While sampling plans, inventory management, and sample management might not be the most exciting parts of clinical trials, they lay the foundation for a successful study. These elements are crucial for data integrity and patient safety and directly affect the patient experience from how often they need to come into a research site to what procedures they must undergo. But they are often given short shrift.

One way the biopharma industry — including clinical trial sponsors — can enact change is by fully embracing technology that reduces manual work and simplifies site processes. (It’s what my company, Slope, aims to do for trial sites.) Technological advances have revolutionized many parts of clinical trial execution. But inventory management and sample management somehow still rely on old-fashioned paper records and manual tracking systems. The clinical trials industry needs to start using centralized, digital tracking systems that are equipped with real-time monitoring capabilities and predictive analytics that facilitate efficiency and compliance, enabling research sites to focus on what matters most: taking care of their participants. Sponsors need to find solutions that facilitate sample management procedures traditionally prescribed in the lab manual. This approach not only improves compliance with sample collection, processing, storage, and shipping, but it unlocks real-time insights for sponsors who want to monitor site activity and performance, study trends, and more. Software-guided sample management workflows can also be used to automatically capture sample metadata that must be maintained with the sample.
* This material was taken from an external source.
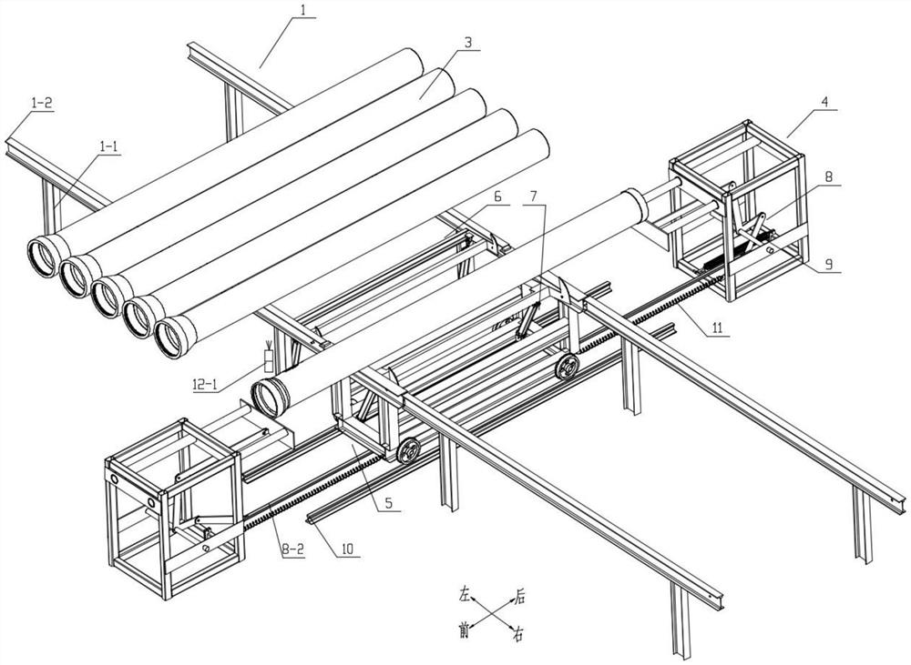 本实用新型涉及一种球墨铸铁管生产线对中装置,属于球墨铸铁管生产技术领域,解决了传统通过人工目测进行对中存在偏差、效率低等技术问题。解决方案为:一种球墨铸铁管生产线对中装置,包括两组推移装置、对中小车、第一翻转移动装置、第二翻转移动装置、推管装置、推管驱动装置、监控装置和控制系统,两组推移装置之间设置有前后方向的两条轨道,对中小车滑动设于轨道上,第一翻转移动装置将球墨铸铁管推入对中小车顶面,第二翻转移动装置进行球墨铸铁管的定位和输送,推管驱动装置驱动推管装置对设于对中小车上的球墨铸铁管两端进行推动对中。本实用新型实现了球墨铸铁管的精确对中,自动化程度高,节省人力,降低了成本,提高了效率。

Patient-centricity in inventory and sample management ultimately means making the process of being in a clinical trial as easy as possible for participants. This includes making sample collection schedules easier, using less invasive collection methods, reducing samples whenever possible and getting the most out of every generously provided sample. To get there, it’s important to give participants a say in how a trial is designed to ensure they have a smooth and dignified experience during the study.

The glacial pace of change in these mechanistic but essential areas undermines the industry’s claims of progress and compassion. Clinical research sponsors need to drop the act, embrace technology, improve their processes, and prioritize the well-being of research sites and trial participants.

Hope Meely is the Chief Clinical Officer at Slope.